Sunday, October 21, 2007

The Other Shoe Drops

One of the criticisms aimed at the Mass Market Media during the blowup over the priestly abuse scandal was the underreporting of similar instances of abuse among public school teachers. (I post this here to help illustrate that this is a much larger problem than just celibate priests.)

The Lima News runs a feature article from the AP this morning on the widescale impact that sexual misconduct has in our nation's public schools. (Link is to the AP article.)

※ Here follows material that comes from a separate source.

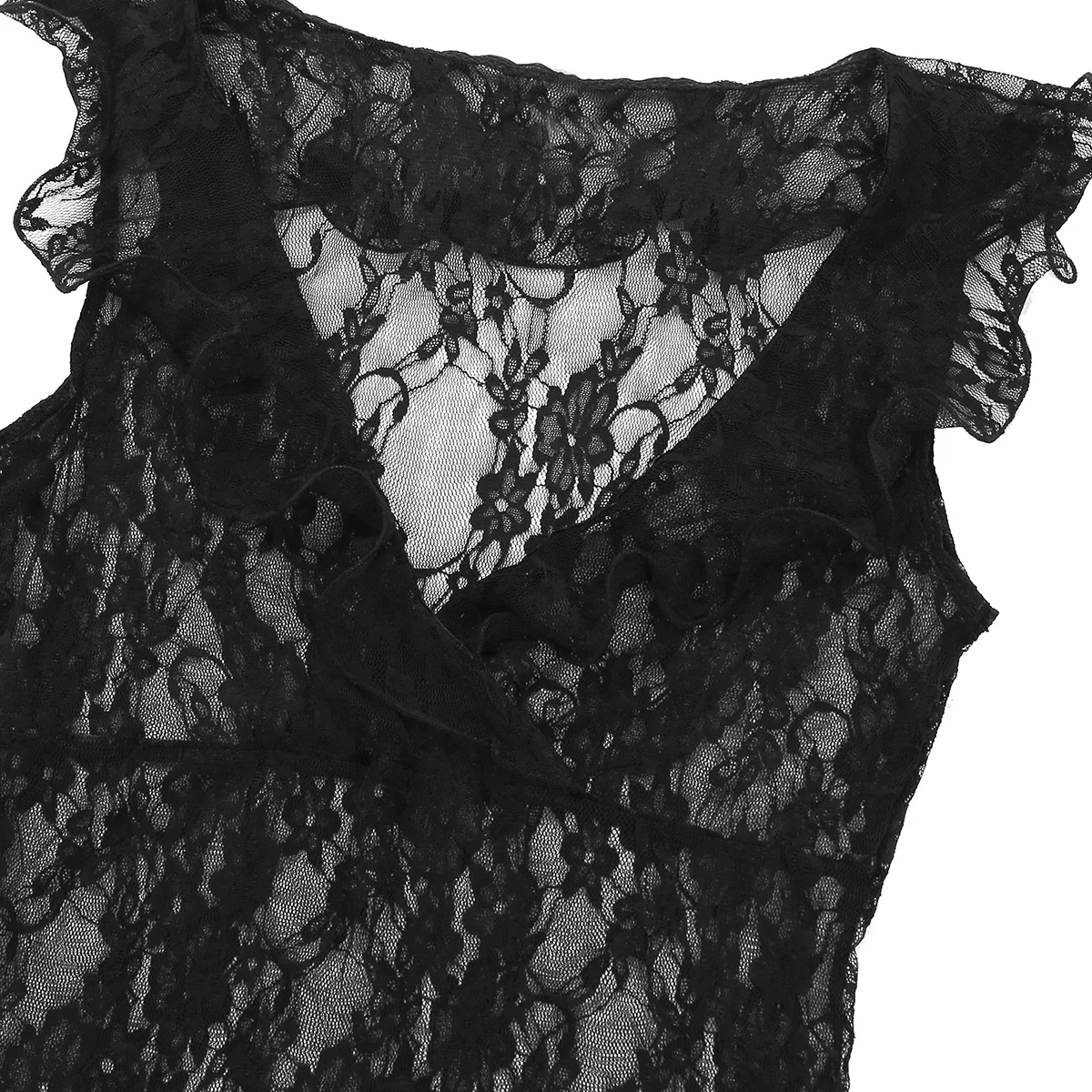 Глубокий v-образный вырез, воротник с рюшами и без рукавов, обернутый спереди, просвечивающий дизайн, высокие вырезы.

An Associated Press investigation found more than 2,500 cases over five years in which educators were punished for actions from bizarre to sadistic.
There are 3 million public school teachers nationwide, most devoted to their work. Yet the number of abusive educators - nearly three for every school day - speaks to a much larger problem in a system that is stacked against victims.
Most of the abuse never gets reported. Those cases reported often end with no action. Cases investigated sometimes can't be proven, and many abusers have several victims.
And no one - not the schools, not the courts, not the state or federal governments - has found a surefire way to keep molesting teachers out of classrooms.


...snip...

The findings draw obvious comparisons to sex abuse scandals in other institutions, among them the Roman Catholic Church. A review by America's Catholic bishops found that about 4,400 of 110,000 priests were accused of molesting minors from 1950 through 2002.
Clergy abuse is part of the national consciousness after a string of highly publicized cases. But until now, there's been little sense of the extent of educator abuse.
Beyond the horror of individual crimes, the larger shame is that the institutions that govern education have only sporadically addressed a problem that's been apparent for years.

2 comments:

uncle jim said...

and the other under-reported ones are the other denominations and religious groups - they all have many male staff [as well as female, I suppose] who are guilty of the same misbehaviors and crimes - perhaps prosecuted? but seldom reported on [me thinks].

Adoro said...

Other religions actually have MORE abuse because there is no accountability.

I read the whole article about the issue in public schools, and it just makes me sick.

When I was in college, I worked in a psych hospital for children and adolescents, and about 98-100% of them had been sexually abused.

Some of the kids were there because they were caught...as abusers. And you would not believe their agony.